My audio dampeners kicked in at the thunderous sound of a super-cavitation attack sub heading straight down towards us, falling through the bubble of air it surrounded itself with.
Ahead of me I saw that three Wraiths had stopped by the bioluminescent, algae-covered wall of the Spoke. Two were covering while the third seemed inert. I could make out the propulsion system on the inert Wraith making small adjustments to hold itself steady in the water by the wall.
The net feed window in my internal visual display came to life. I could see the horrible visage of Morag’s blue-skinned hag icon standing on a plane of glass. Ahead of her a waterfall fell from a pale sky, filling the screen from left to right. I saw Black Annis drawing symbols of smoky shadow in the air more rapidly than I could understand. They dissipated just as quickly.

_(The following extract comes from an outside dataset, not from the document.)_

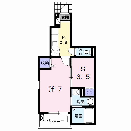 | 間取り詳細 | K(2.8帖)、洋室(7帖)、S(3.5帖) | ||

I reached the wall and turned round to see a busy ocean filled with turbulence. Warning signs regarding the integrity of the Wraith began appearing in my internal visual display. I ignored them and provided covering fire for Morag’s run into what we hoped was the facility’s airlock. Either that or we were trying to enter a maintenance area really violently. The Retributor was always busy. I nearly dropped it when the submersible gunboat went up. The explosion was so close I was slammed back into the wall by the concussion wave.
In the net I saw figures like humanoid mirrors rise from the glass plane. I figured this was a manifestation of security attack programs. I watched as Annis traced more smoky symbols in the air with her other hand. The mirror figures were running towards her now, casting a distorted reflection all around them. I watched as one by one they started to burn with a pale-blue fire the colour of Annis’ skin. They continued running though they were melting, the reflections they cast becoming more and more distorted.
Balor swam out of the darkness above me. He was so close to my field of fire I paused and adjusted my aim. He looked at home. He looked exactly like what he wanted to be, an ancient sea demon. The extending spear he carried was in a trident configuration. I watched as he swam down on another cybrid and despite her armour and reinforced frame jabbed the trident down into her spine and twisted. He left the corpse hanging there, tendrils of blood escaping into the water, as he continued to swim towards us. Whoever was in the fifth and final Wraith joined us, back to the wall and firing at the security forces. As shots from a steel gun rained off my armour, chipping concrete from the Spoke, I realised how much I wanted this. If I went out now, it would be okay. Of course this is what you’re supposed to think on Slaughter, so it’s all right to die.
In the net I saw the waterfall part slightly like a curtain being twitched open. The audio sensors on the Wraith picked up the grinding noise of the external airlock door opening just enough to provide us with room to propel the Wraiths in. Morag’s Wraith came alive again and the net feed went dead. Balor was in first, a Wraith following him, I had no idea whose, but it turned and started providing covering fire for the rest of us.
One after the other the Wraiths moved into the airlock. The second to last was moving as I interfaced with the propulsion system and, still firing, manoeuvred myself into the dark interior, the doors already closing. I fired my last few bursts, watching them arc through the water just before the doors shut. Then I heard rather than saw the water begin to pump out of the chamber, as without a word we prepared ourselves to face whatever was coming when the internal door opened.